Linear Regression Function

141 Views Asked by At

Some books write linear regression function in the following way:

$$ Y = a + b \times X + u$$

While others write it in the following way:

$$ Y_i = a + b \times X_i + u_i$$

Why is it necessary to use index? Are these two equivalent? Does $ Y_i $ and $X_i$ in the second case refer to one particular observation or are they still variables?

In the book that uses the second notation author writes: $ E(Y|X_i) $ is a function of $ X_i $, where $ X_i $ is a given value of X.

How can function $ E(Y|X_i) $ be a function if its argument is a specific number? Should not it be a variable?

Later, it writes: $ E(Y_i|X_i) $

I am really confused with this notations and can anyone help me finding this notational puzzle out?

1

There are 1 best solutions below

1
On BEST ANSWER

Mostly the first form is just a shorthand for the second. Both of the models describe random variables, while the index $i$ denote the number of such "processes". Namely, let $Y$ be weight and $X$ height, the basic model that you can fit is $$ Y = a + bX + \epsilon, $$ namely, the weight equals an affine combination of the height $X$ and some orthogonal noise term $\epsilon$. Such model is sometimes called the "Data generating model". Now you want to talk about some $n$ individuals, hence you assume that the aforementioned model describes the relationship between height and weight in all your $n$ individuals, hence for $i=1,...,n$, $$ Y_i = a + bX_i + \epsilon_i. $$ Now as you are about to model $n$ people, you have $n$ random variables $Y_i$ (or more formally $Y_i|X_i=x$, namely the $X$s are given and you try to "predict" the $\mathbb{E}[Y|X=x]$). Formaly $$ \epsilon_i \sim^{iid} N(0, \sigma ^ 2), $$ hence $$ Y_i|X_i = x_i \sim N(a + bx_i, \sigma ^2). $$ That means that you assume that your individuals are mutually independent and that all of them share the same $a$, $b$ and $\sigma ^ 2$.

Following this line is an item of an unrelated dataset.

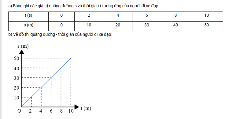 **a)** Lập bảng ghi các giá trị quãng đường \( s \) và thời gian \( t \) tương ứng của người đi xe đạp: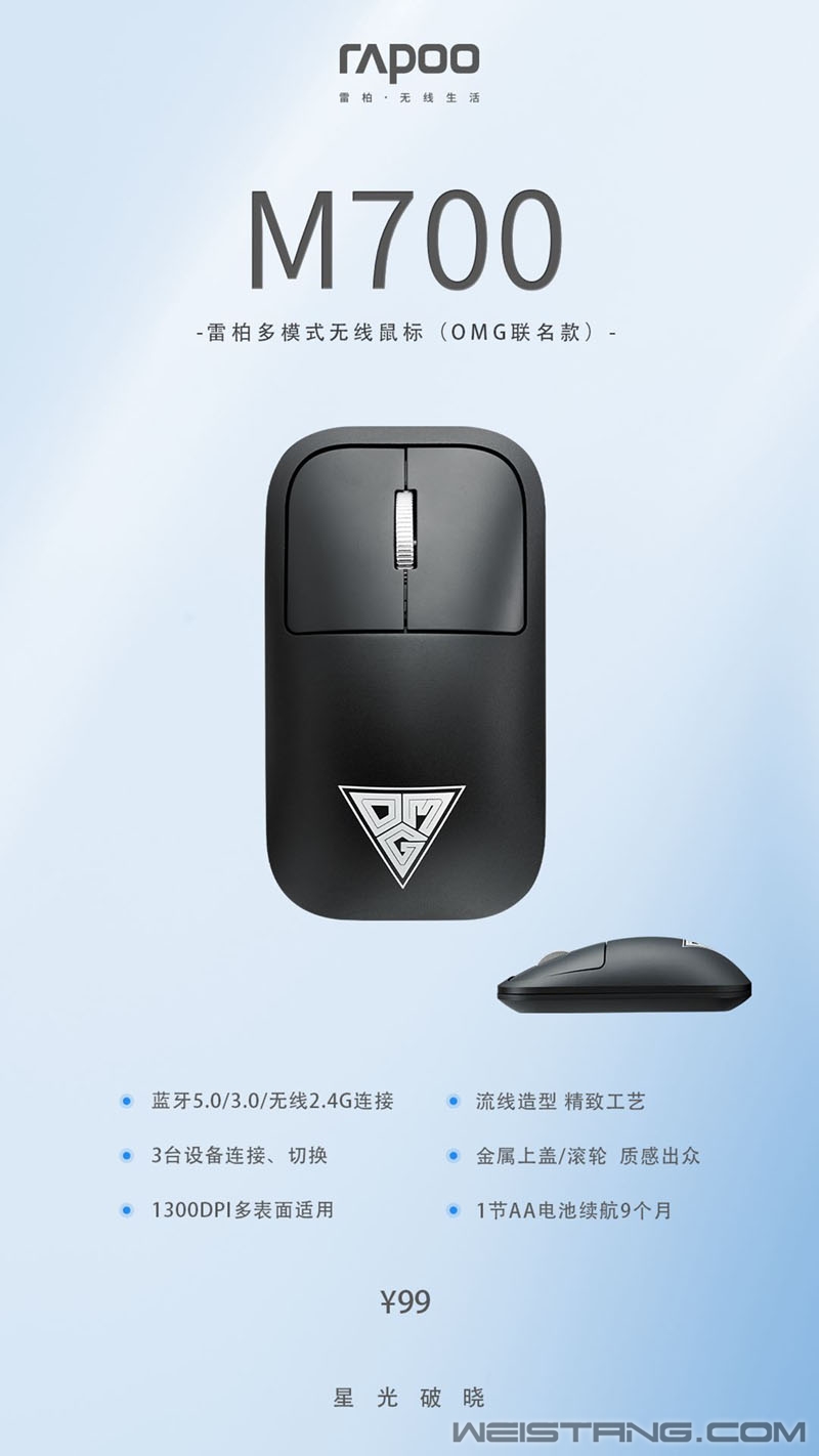 每一次在黑暗中逐光与自我碰撞,该如何呈现热爱与竞技?或许战队标志性黑色与简练的金属工艺可以诠释更多灵魂与力量。“斩断枷锁,星光破晓”,雷柏游戏 X OMG电子竞技俱乐部英雄联盟战队,借日常之物,凝聚队魂精神以产品结构作为呈现——雷柏M700多模无线鼠标与游戏鼠标垫联名款,是游戏与现代生活的融合,是热爱在生活中的延伸。 视觉x触感x精细 战队标志性设计颜色、LOGO与现代生活的冲突与融合,让M700多模无线鼠标拥有自成一派的独到风格,重新定义了M700的设计语言。熔铸漆黑全金属的一次冲压成型鼠标上盖,饱满的曲线线条赋予它带有力量感的车身造型,独具辨识度更显从容霸气,任何时刻都散发着凌厉姿态。 时尚的造型,澎湃的力量,酣畅的快感,解锁视觉、触觉双重新体验。鼠标上盖的细腻磨砂表面处理起到防滑防汗作用,左右手对称设计,适配中小手型用户,无论是习惯趴握或是抓握均能带来舒适掌控。呼应尾部OMG LOGO配色的银色金属滚轮,左右轻音按键微动,1300DPI高精度寻迹引擎,支持多种介质表明使用,满足我们不同生活场景的使用,亦兼顾了舒适性和兼容性。 性能x速度x 精准 星河璀璨,放胆逐梦,用多一种方式。M700多模无线鼠标支持蓝牙5.0、3.0和无线2.4G三种智能连接模式,可快速连接切换3台终端设备,为热爱释放提供多一种可能,为效率提升更跃上一阶。出色的续航时长,只需1节AA电池,即可提供9个月续航时长,满载实力。 个性化定制扩充生活与娱乐交融的新组合,以主题概念视觉图为设计的联名款鼠标垫,大胆诠释了“破枷锁”的决心。340*290mm大尺寸设计,5mm厚度,细面网状材质+橡胶基底双层工艺,整齐线材锁边,紧实顺滑,提供高追踪、顺畅疾速的体验,只为将战场上的每一次进攻机会完美捕捉。 热爱,是竞技取胜的关键。装备,是释放热爱的前提。追逐热血涌动,雷柏游戏 X OMG英雄联盟战队联名款外设,向着星的光芒前行。 |

Now you get a random sample of $n$ individuals and you "leave" the realm of random variables. I.e., you have $n$ pairs of $(y_i, x_i)$ (vectors) and you fit a model, i.e., you estimate $\hat{a}$ and $\hat{b}$, now the observations satisfy. $$ y_i = \hat{a} + \hat{b} x_i + e_i, $$ where $e_i = y_i - \hat{y}_i$. Now everything is numbers, not random variables. $y_i$ and $x_i$ are the observed realizations and $\hat{a}$ and $\hat{b}$ are computed values (usually, OLS).

Regrading $\mathbb{E}[Y|X]$ and $\mathbb{E}[Y_i|X_i]$ you can apply the same explanation where in both cases it is just a common "abuse of notation", i.e., writing these instead of $\mathbb{E}[Y_i|X_i=x_i]$.

However, $\mathbb{E}[Y|X]$ may also be shorthand for $\mathbb{E}[Y|\sigma(X)]$, where $\sigma(X)$ is a sigma algebra generated by $X$. Then $\mathbb{E}[Y|\sigma(X)] = h(X)$ is a well-defined unique random variable w.r.t $\sigma(X)$ and not a constant $a + bx_i$. Some details about this point of view you can find here Expectation and orthogonal projection.

In a nutshell, $$ Y = E[Y|\sigma(X)+\epsilon, $$ describes an orthogonal (can you show it?) decomposition of $Y$. To get some intuition, take the two extremes. The first one is when $\sigma(X) = \{ \Omega, \emptyset \}$, i.e, $\sigma(X)$ has no information relevant to $Y$, thus $$ Y = E[Y|\sigma(X)+\epsilon = \mathbb{E}[Y]+ \epsilon, $$ this case correspond to case where $X$ is independent of $Y$, hence the true model is $Y = a + \epsilon$, no variance of $Y$ is "explained" by $X$. Now, consider $\sigma(X) = \sigma(Y)$, thus $$ Y = E[Y|\sigma(X)+\epsilon = Y+ \epsilon, $$ hence $ \epsilon = 0$ a.s. Namely, everything that could be known about $Y$ is known, so there is no noise (no "unexplained" variance of $Y$). For any other case, $\mathbb{E}|Y|\sigma(X)]$ bears some incomplete information about $Y$, thus the variance of the noise term getting smaller. This is what causes the "explained variance" (estimated $R^2$) to goes up as you add more variables.

Note: The last part was a lot of "hand-waving", a rigorous treatment requires detailed definitions of the probability spaces and usually omitted/skipped in introductory courses in regression.